WWashington recently entered full-blown panic mode about TikTok, fretting over its ties to China’s ruling Communist Party and how the world’s most popular social platform might be poisoning American discourse. There were last month’s high-profile congressional hearings, followed by a slew of bans both internationally and at the federal, state and local levels. To the app’s detractors it’s a geopolitical Trojan horse, meant to surveil the population and drag its youth into a spiral of decadent narcissism, all while sapping them of any remaining nationalistic fervor.

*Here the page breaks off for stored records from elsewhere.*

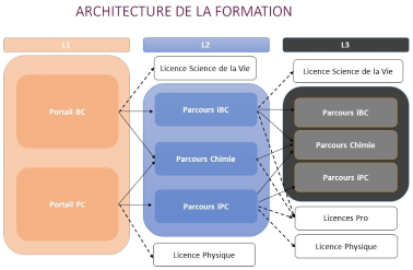 iBC : ce parcours offre une connaissance des deux disciplines biologie et chimie et donc une double compétence disciplinaire et des compétences spécifiques aux thèmes à l’interface des deux disciplines. Le parcours permet d’accéder à un large panel de formations en master aux interfaces entre la biologie et la chimie, ou à des écoles d'ingénieur, dans des domaines variés tels que l’environnement, la santé, la biotechnologie ou l’agroalimentaire par exemple.
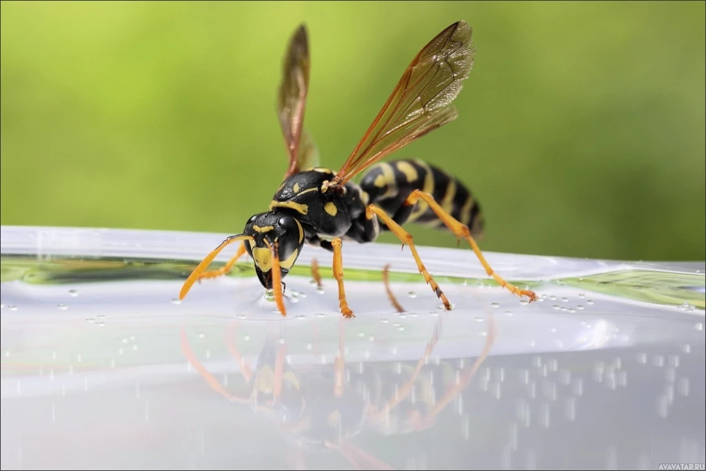 На картинке изображена пчела, конкретно идентифицированная как оса в желтой куртке по ее отличительной окраске. Он либо отдыхает, либо осматривает поверхность, на которой находится.
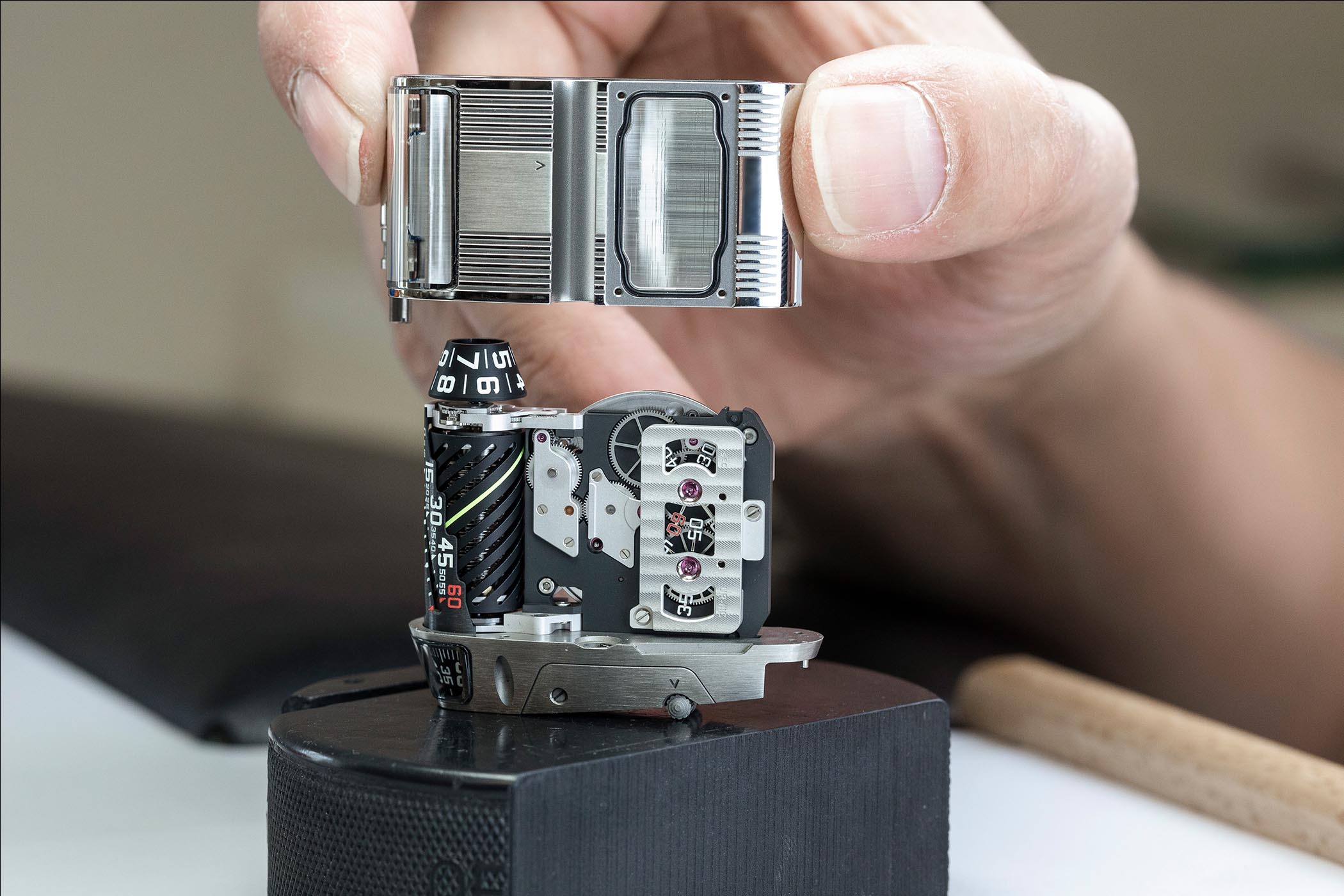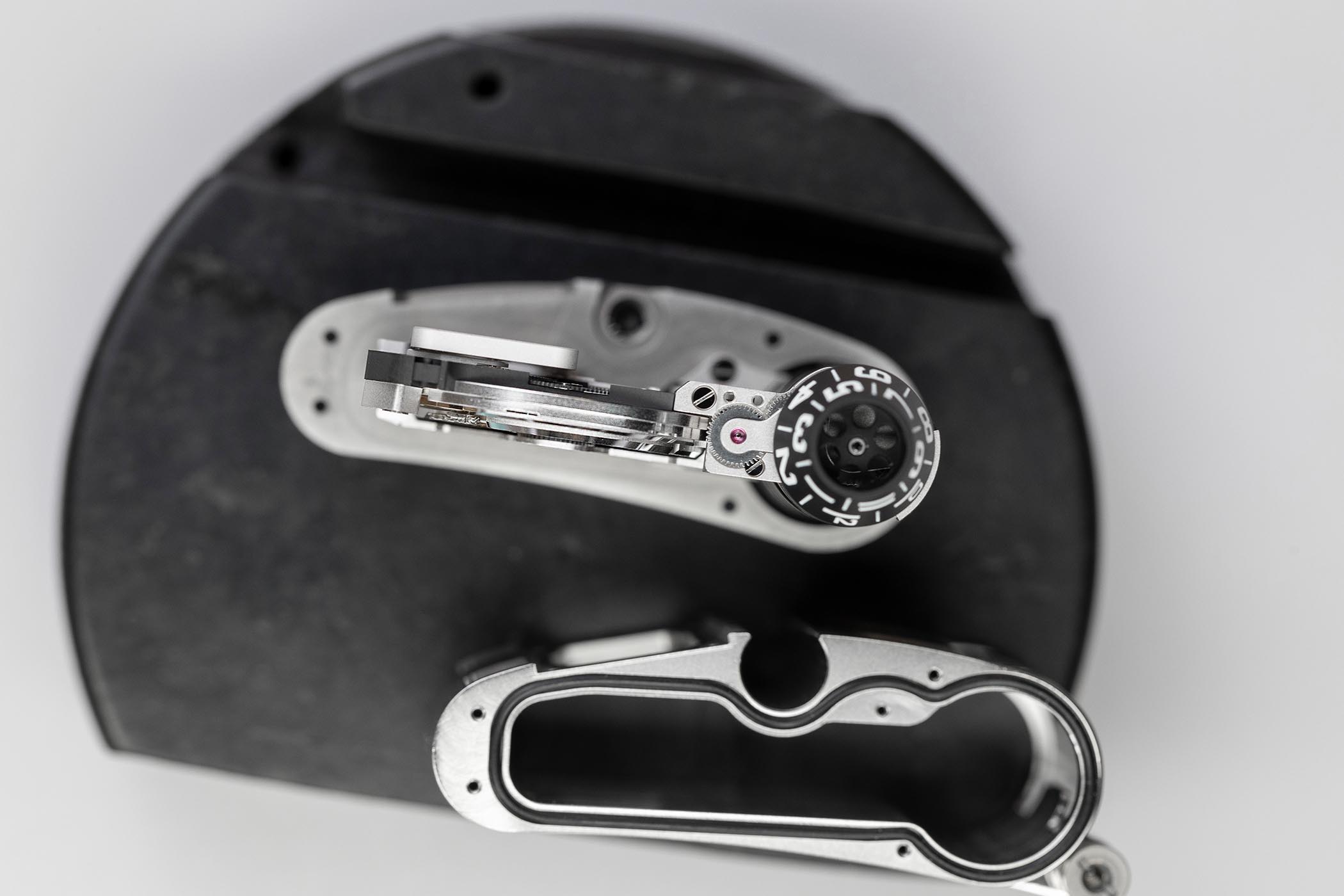 Are we done with the URWERK UR-111C? Not yet! Now comes the man-machine interaction, and the way the wearer interacts with his watch. The winding system is operated by a long fluted cylinder or “roller” integrated on the top of the case. Even though the base movement is automatic, winding the watch with this roller will be part of the pleasure. The same applies to the original way of setting the time. Instead of pulling out a crown you swing out a lever from the right side of the case and turn the roller in either direction. Considering all of these devices and unusual indication, the case can’t be assembled in a classic way – as seen above, the movement has to be slotted from the side of the case, once the panels have been removed and the time-setting lever dismantled.
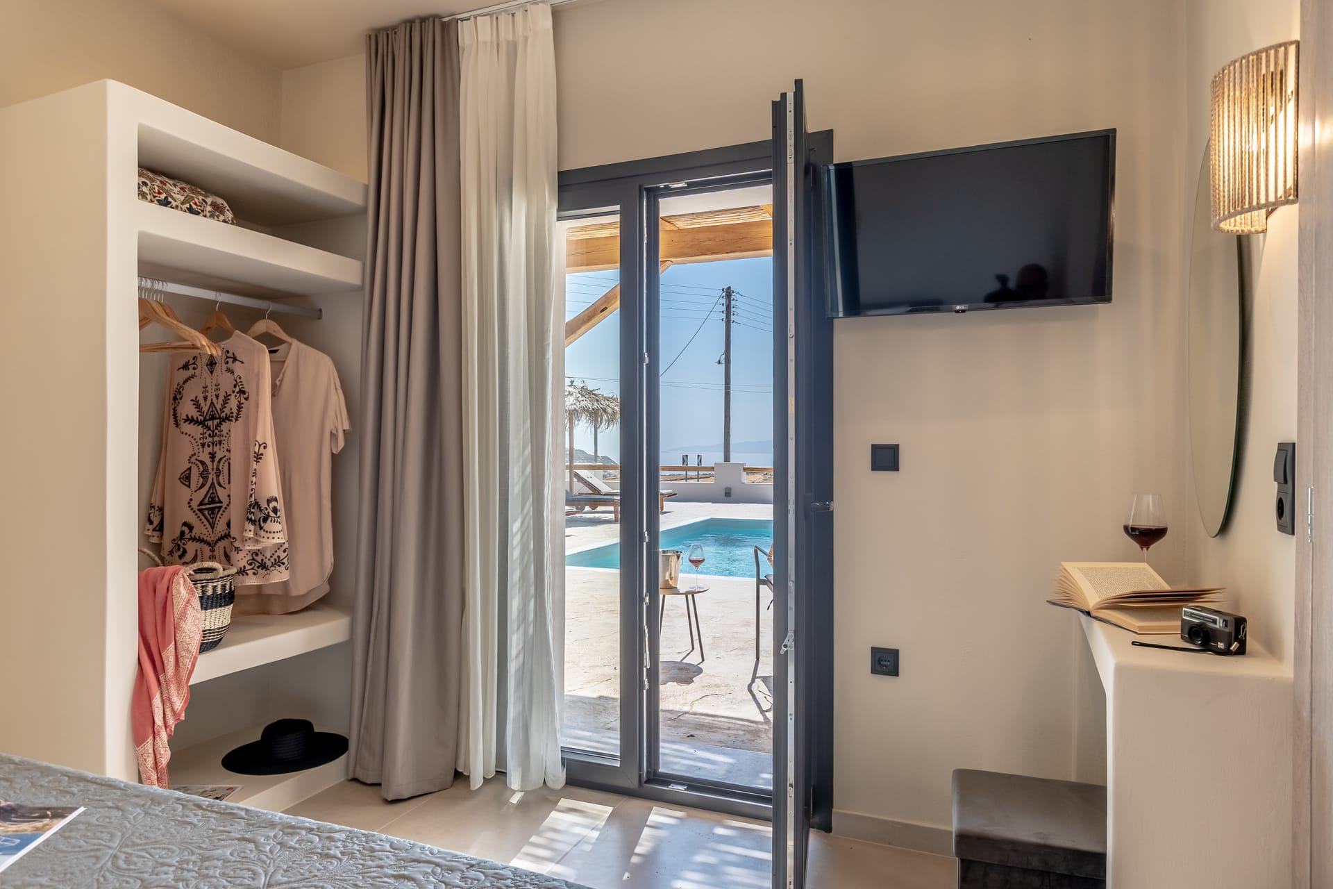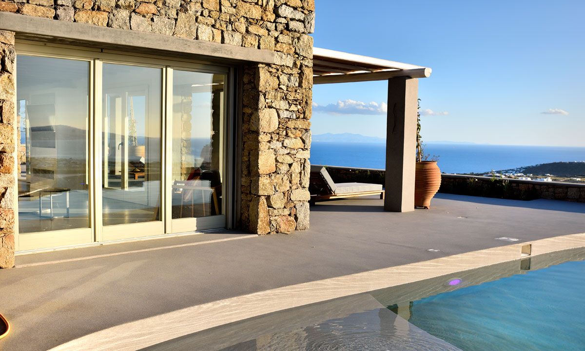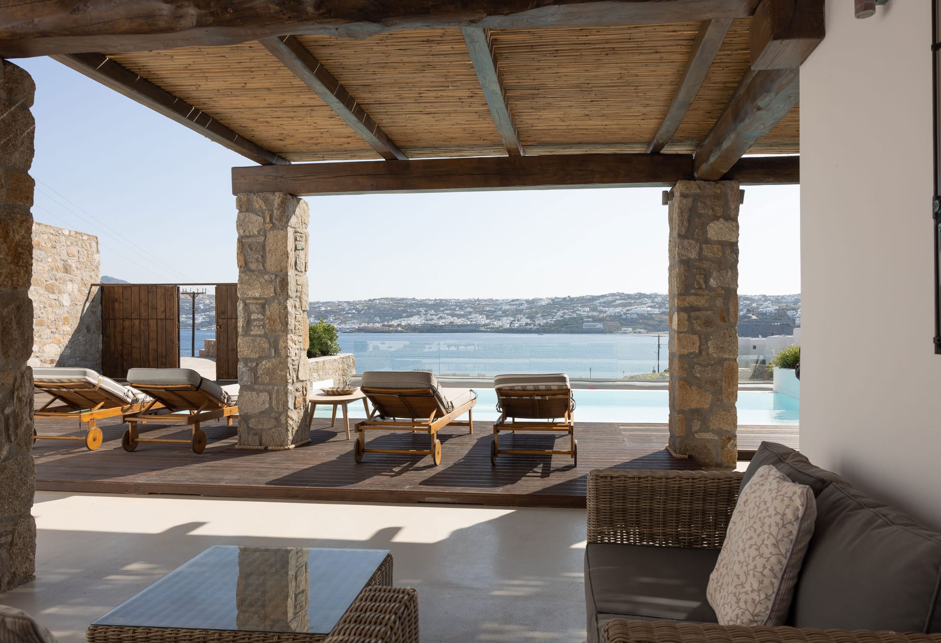 Indoors, guests enjoy spacious living areas, a fully equipped kitchen, and elegant bedrooms that blend Cycladic architecture with modern comforts. Outdoors, the private swimming pool, sun loungers, and shaded veranda provide the ideal setting for relaxing moments under the warm Aegean sun.

To its defenders, who are nearly all much, much younger than the typical member of Congress, TikTok is more than just a diversion. It’s a powerful vehicle for personal expression, and somewhere they can make their voices heard absent the incessant chattering of clueless olds who need a refresher on the basics of home wifi. (Rep. Jamaal Bowman (D-N.Y.), one of the app’s few defenders on the Hill, described to the New York Times how he uses it to keep in touch with younger constituents and activists.)
I decided to find out which side is right.
My first obstacle was that I had never actually used TikTok before last week. According to the market research firm Statista, 55 percent of the app’s users are aged 18 to 34, a demographic group into which I do happen to fall — but let’s just say I’m the kind of person who still has multiple print magazine subscriptions. Accordingly, I have about as much actual first-hand knowledge of the app as many of the septuagenarian legislators who now hold its fate in their hands.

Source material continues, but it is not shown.